The key innovation lies in Delethink, an environment that reimagines the reasoning chain into manageable segments. This shift addresses the notorious ‘quadratic curse’ that plagues modern transformer-based models, where computational costs soar as reasoning chains lengthen. By avoiding the exponential growth in computational demand, Delethink empowers AI models to engage in extended reasoning without succumbing to prohibitive costs. This breakthrough could herald a new era of AI capabilities, enabling models to tackle complex tasks previously deemed infeasible due to resource constraints.

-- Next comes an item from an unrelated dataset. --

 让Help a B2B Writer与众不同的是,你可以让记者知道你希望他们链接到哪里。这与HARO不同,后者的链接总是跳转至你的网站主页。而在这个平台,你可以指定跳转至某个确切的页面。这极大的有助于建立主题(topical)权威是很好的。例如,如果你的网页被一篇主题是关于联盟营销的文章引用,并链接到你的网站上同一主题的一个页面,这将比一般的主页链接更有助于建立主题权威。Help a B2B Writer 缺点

Rethinking AI’s Approach to Problem Solving
Traditional approaches to AI reasoning have been shackled by the need to generate long series of intermediate ‘thinking’ tokens, often referred to as chain-of-thought (CoT). While reinforcement learning (RL) has enhanced these capabilities, the quadratic growth of computational costs remains a critical flaw. The state of the AI, encompassing the prompt and all reasoning tokens generated, expands with each new token, leading to an unsustainable increase in computational demand.
Mila’s researchers have taken a radical departure from this paradigm. By developing an RL environment that sidesteps the quadratic problem, they have laid the groundwork for AI models capable of multi-week reasoning and scientific discovery. As co-author Amirhossein Kazemnejad notes, the current LongCoT paradigm is ill-equipped to support such capabilities due to its inherent computational inefficiencies. In contrast, Markovian Thinking separates the duration of reasoning from the amount of context processed, transforming the quadratic growth problem into a manageable linear computation.

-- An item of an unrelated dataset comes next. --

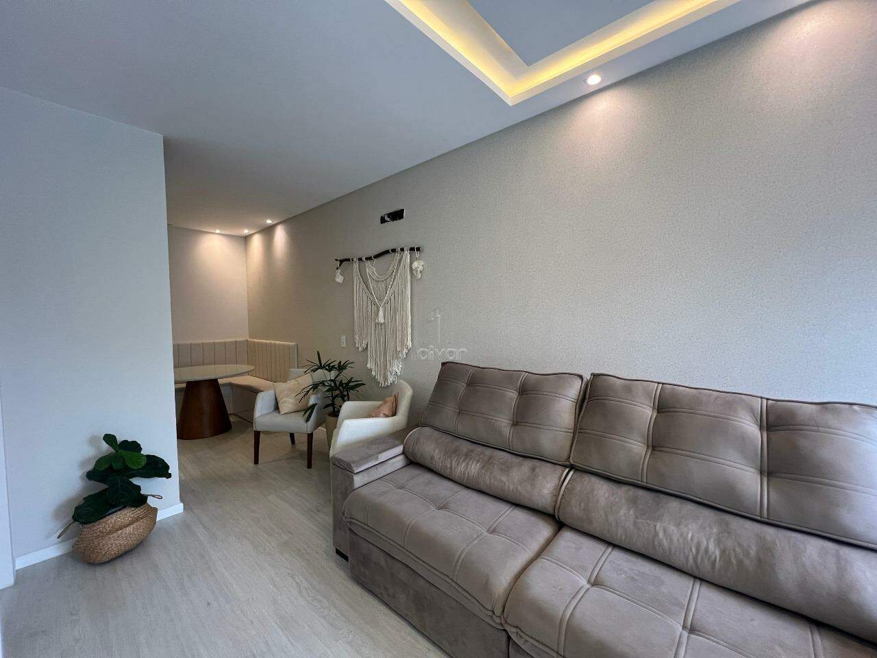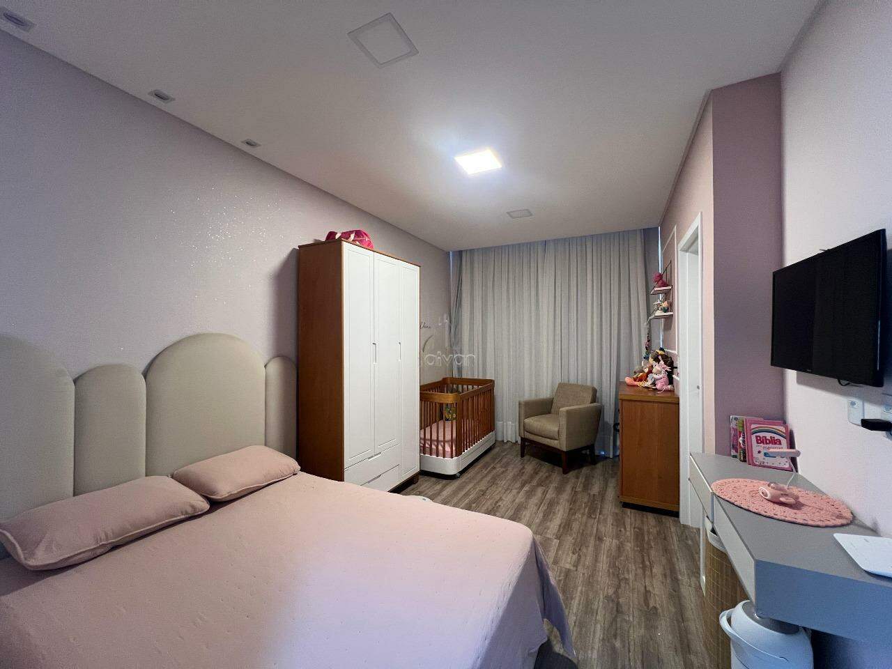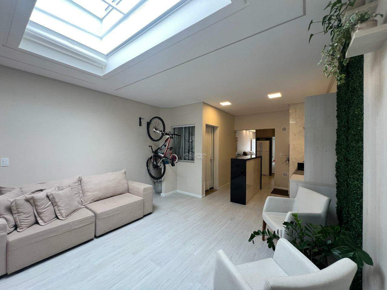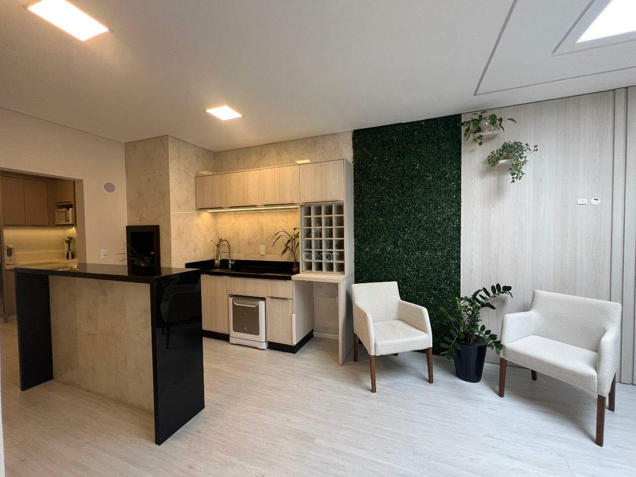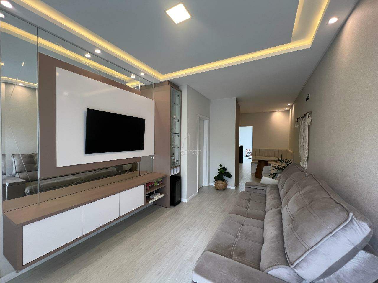 Conta com sala de estar, jantar e cozinha integradas, 02 suítes, 01 lavabo, área de serviço, área de festas com churrasqueira e 02 vagas.

Delethink: A New Paradigm in AI Reasoning
Delethink, the brainchild of Mila’s researchers, enforces a novel reasoning paradigm where AI models operate within fixed-size chunks, such as 8,000 tokens at a time. This method allows the model to reason using the classic attention mechanism within each chunk. Once the chunk limit is reached, the environment resets the context, incorporating a ‘carryover’ from the previous chunk into a new prompt. This carryover might include the last few tokens or a summary of critical results, ensuring continuity in reasoning.
This innovative approach forces the model to learn how to embed its progress into a ‘textual Markovian state,’ enabling it to retain essential information across reasoning steps. Kazemnejad emphasizes that the original input prompt remains unaltered, focusing the method on the reasoning phase without modifying the initial data. This strategic separation allows the model to maintain a constant reasoning context window, effectively addressing concerns about memory retention and continuity.

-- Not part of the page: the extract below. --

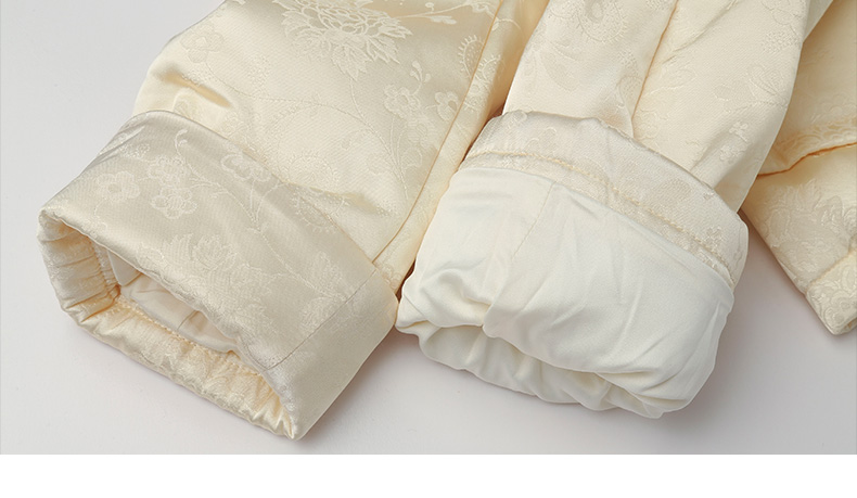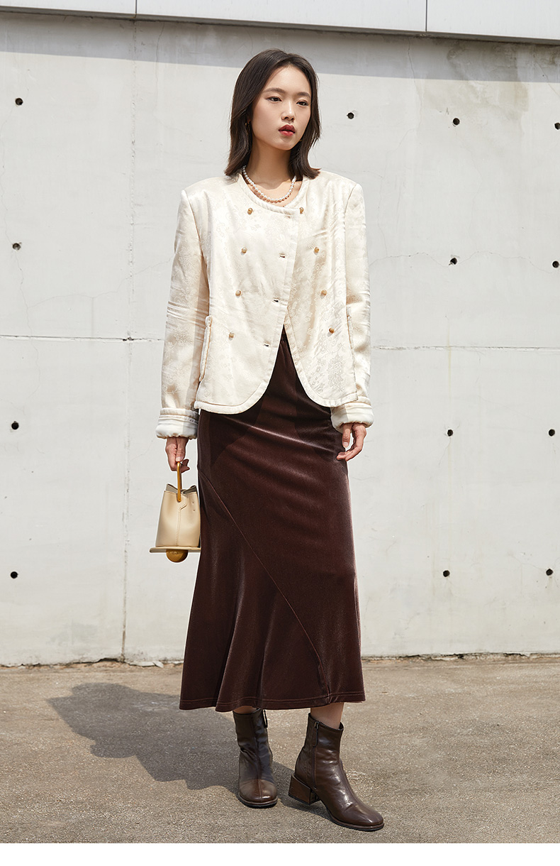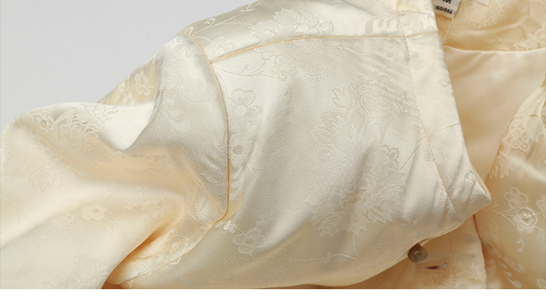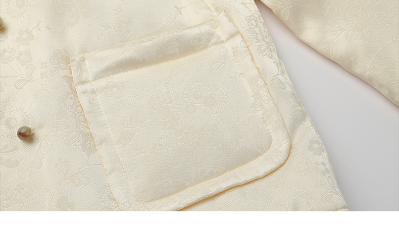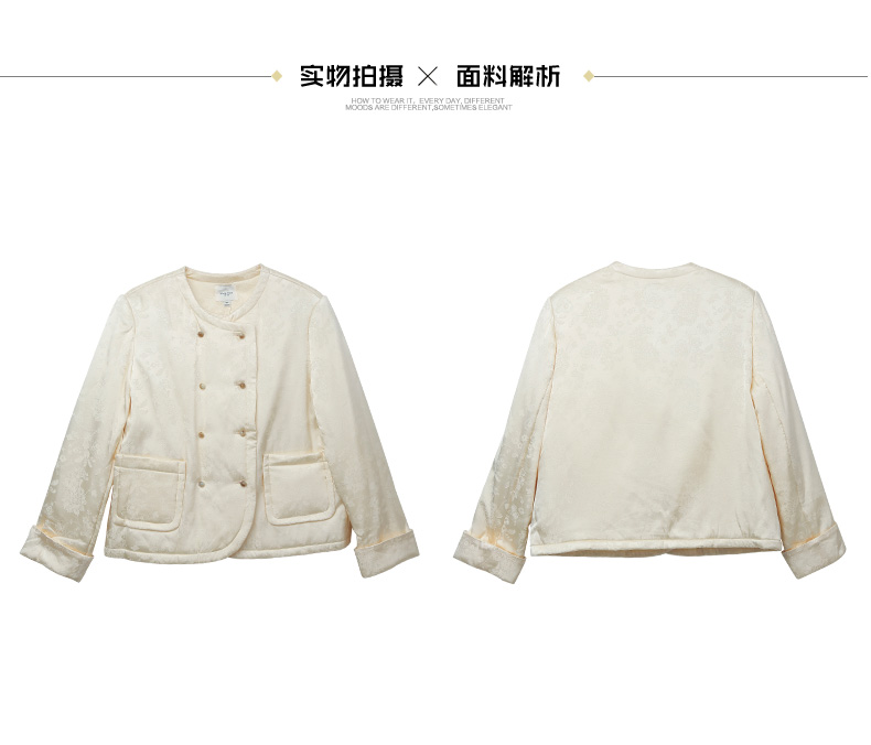 米白色提花缎面双排扣短外套 圆领卷边袖复古优雅小香风夹克

Implications and Future Horizons
The implications of Markovian Thinking extend far beyond theoretical advancements. In practical applications, models trained with Delethink demonstrate remarkable efficiency, using linear compute and constant memory during inference. This efficiency translates directly into cost savings for enterprises, as AI agents can engage in prolonged reasoning tasks, such as debugging large codebases, with significantly reduced expenses compared to traditional methods.
Interestingly, even off-the-shelf reasoning models exhibit some innate ability to think in a Markovian manner, suggesting immediate practical benefits for developers. This latent capability, combined with robust performance across complex tasks, positions Delethink as a scalable solution compatible with state-of-the-art models. As the researchers conclude, Markovian Thinking not only opens the door to next-generation AI capabilities but also paves the way for models that can ‘think’ across vast horizons, a crucial step toward scientific discovery and beyond.
Meta Facts
- •💡 Markovian Thinking reduces computational costs by over two-thirds for 1.5B parameter models.
- •💡 Delethink-trained models can reason up to 24,000 tokens, surpassing LongCoT models.
- •💡 Models trained with Delethink use linear compute and constant memory during inference.
- •💡 Delethink forces models to embed progress into a ‘textual Markovian state’.
- •💡 Even off-the-shelf models exhibit some Markovian reasoning capabilities.